▶ [What you have to do]
Repeat only the lines below that run from the line with "2.12 New Mills" to the line with "If you want", ends included; skip every picture.

[Recorded data]

= Beginning of Section =

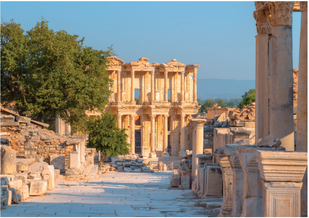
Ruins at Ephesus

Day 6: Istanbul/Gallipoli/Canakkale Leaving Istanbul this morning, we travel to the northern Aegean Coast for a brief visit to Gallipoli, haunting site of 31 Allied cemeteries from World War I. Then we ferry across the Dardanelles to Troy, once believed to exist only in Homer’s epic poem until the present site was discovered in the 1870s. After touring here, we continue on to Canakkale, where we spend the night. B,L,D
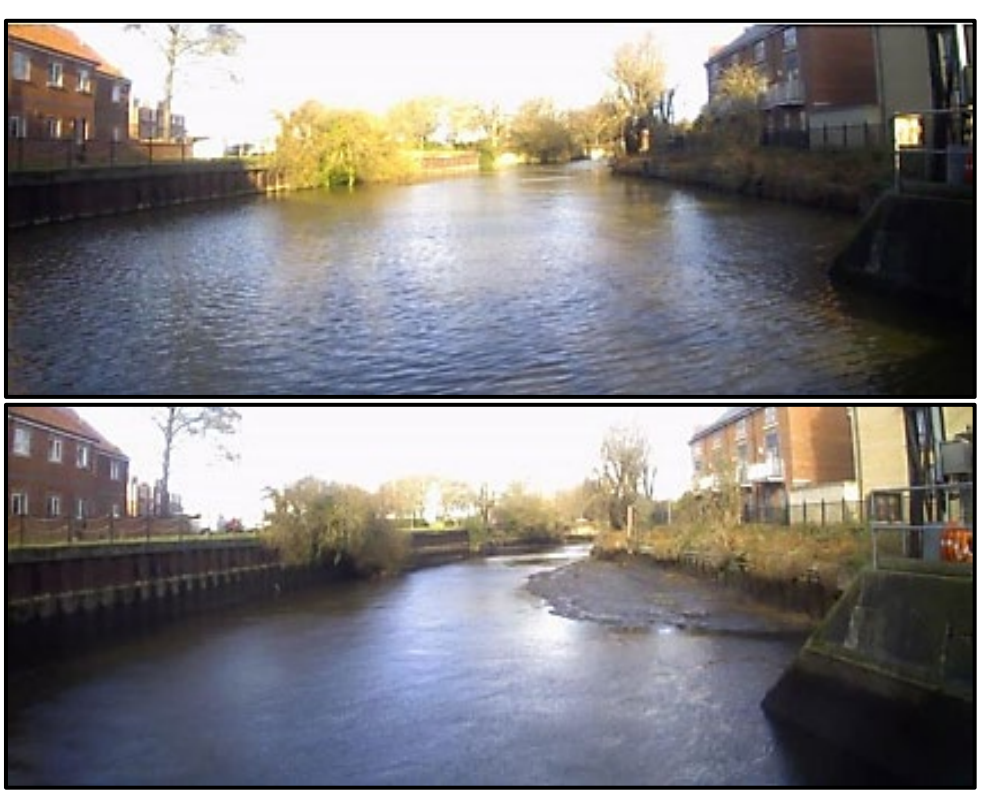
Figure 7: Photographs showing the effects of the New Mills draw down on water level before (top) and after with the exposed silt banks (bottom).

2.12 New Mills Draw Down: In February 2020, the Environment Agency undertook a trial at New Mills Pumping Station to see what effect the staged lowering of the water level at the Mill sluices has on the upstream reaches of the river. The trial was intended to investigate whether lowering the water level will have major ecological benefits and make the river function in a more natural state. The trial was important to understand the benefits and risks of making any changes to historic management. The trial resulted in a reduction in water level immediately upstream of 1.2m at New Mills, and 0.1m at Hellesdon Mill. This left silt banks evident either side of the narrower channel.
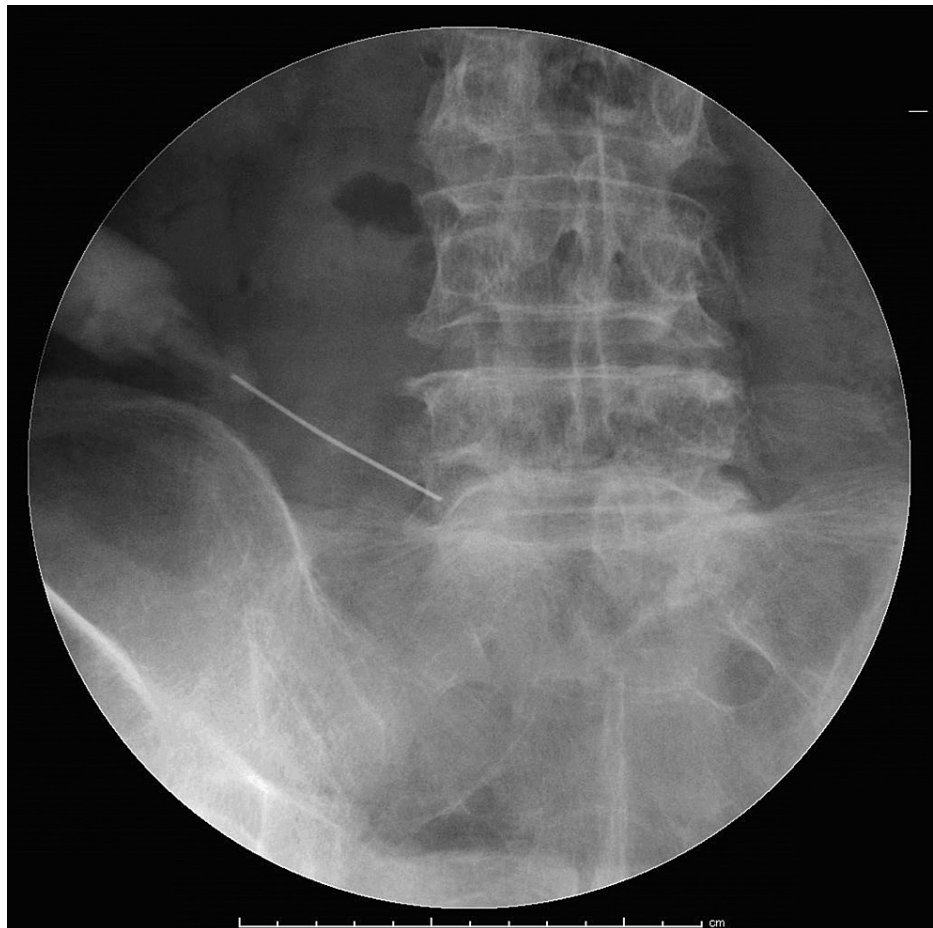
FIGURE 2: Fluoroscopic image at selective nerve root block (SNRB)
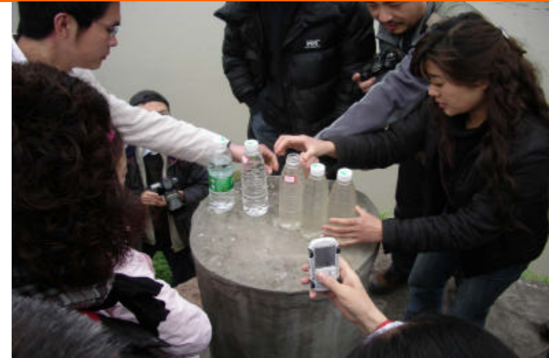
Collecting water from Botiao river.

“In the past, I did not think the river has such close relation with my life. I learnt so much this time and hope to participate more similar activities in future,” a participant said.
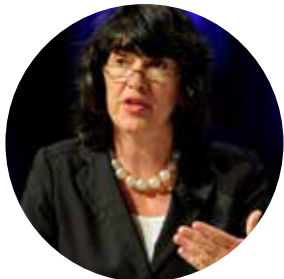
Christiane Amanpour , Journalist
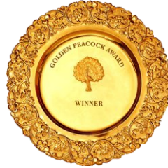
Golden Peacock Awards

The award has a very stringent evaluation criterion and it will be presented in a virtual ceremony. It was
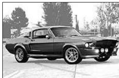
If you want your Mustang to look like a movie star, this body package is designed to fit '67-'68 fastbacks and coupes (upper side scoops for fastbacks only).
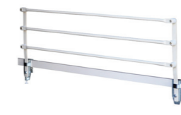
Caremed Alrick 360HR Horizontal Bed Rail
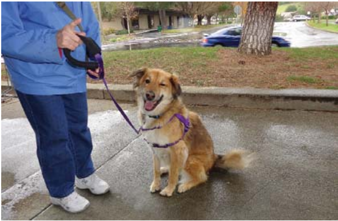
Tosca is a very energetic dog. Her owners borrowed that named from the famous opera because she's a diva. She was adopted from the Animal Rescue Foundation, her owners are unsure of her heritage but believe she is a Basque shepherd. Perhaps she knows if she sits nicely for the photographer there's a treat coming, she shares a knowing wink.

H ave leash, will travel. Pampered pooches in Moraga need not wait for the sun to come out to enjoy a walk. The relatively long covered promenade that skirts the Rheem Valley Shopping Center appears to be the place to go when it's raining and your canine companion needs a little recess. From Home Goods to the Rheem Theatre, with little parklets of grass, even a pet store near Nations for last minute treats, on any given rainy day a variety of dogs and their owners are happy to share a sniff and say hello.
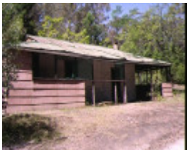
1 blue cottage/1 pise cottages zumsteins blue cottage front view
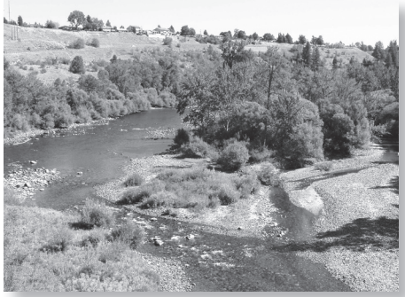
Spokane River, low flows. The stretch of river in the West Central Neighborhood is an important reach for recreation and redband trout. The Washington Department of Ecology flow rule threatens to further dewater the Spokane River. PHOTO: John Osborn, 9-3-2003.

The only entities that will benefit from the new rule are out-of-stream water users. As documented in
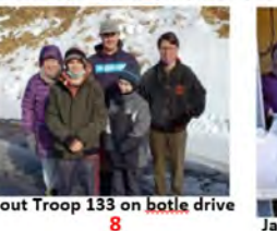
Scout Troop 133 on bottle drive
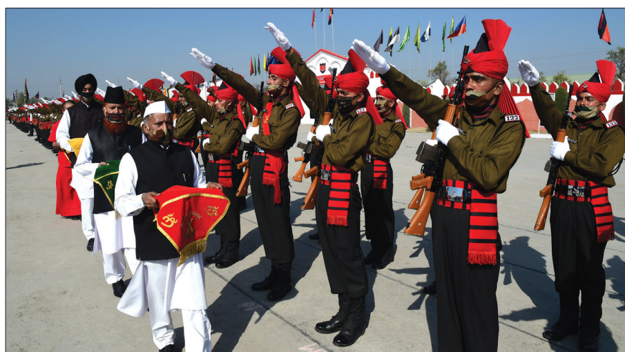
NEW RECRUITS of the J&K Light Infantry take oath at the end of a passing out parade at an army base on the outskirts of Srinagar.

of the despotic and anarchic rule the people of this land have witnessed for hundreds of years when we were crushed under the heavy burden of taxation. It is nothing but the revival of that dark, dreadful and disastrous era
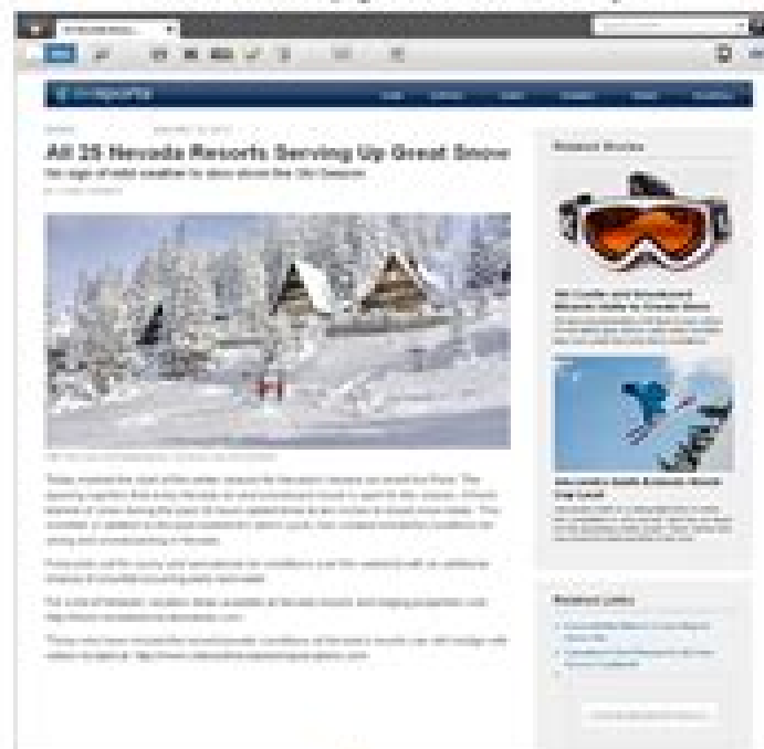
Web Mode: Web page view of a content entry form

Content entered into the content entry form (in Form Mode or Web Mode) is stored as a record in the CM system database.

= End of Section =

▶ [Answer to this problem]
2.12 New Mills Draw Down: In February 2020, the Environment Agency undertook a trial at New Mills Pumping Station to see what effect the staged lowering of the water level at the Mill sluices has on the upstream reaches of the river. The trial was intended to investigate whether lowering the water level will have major ecological benefits and make the river function in a more natural state. The trial was important to understand the benefits and risks of making any changes to historic management. The trial resulted in a reduction in water level immediately upstream of 1.2m at New Mills, and 0.1m at Hellesdon Mill. This left silt banks evident either side of the narrower channel.
FIGURE 2: Fluoroscopic image at selective nerve root block (SNRB)
Collecting water from Botiao river.

“In the past, I did not think the river has such close relation with my life. I learnt so much this time and hope to participate more similar activities in future,” a participant said.
Christiane Amanpour , Journalist
Golden Peacock Awards

The award has a very stringent evaluation criterion and it will be presented in a virtual ceremony. It was
If you want your Mustang to look like a movie star, this body package is designed to fit '67-'68 fastbacks and coupes (upper side scoops for fastbacks only).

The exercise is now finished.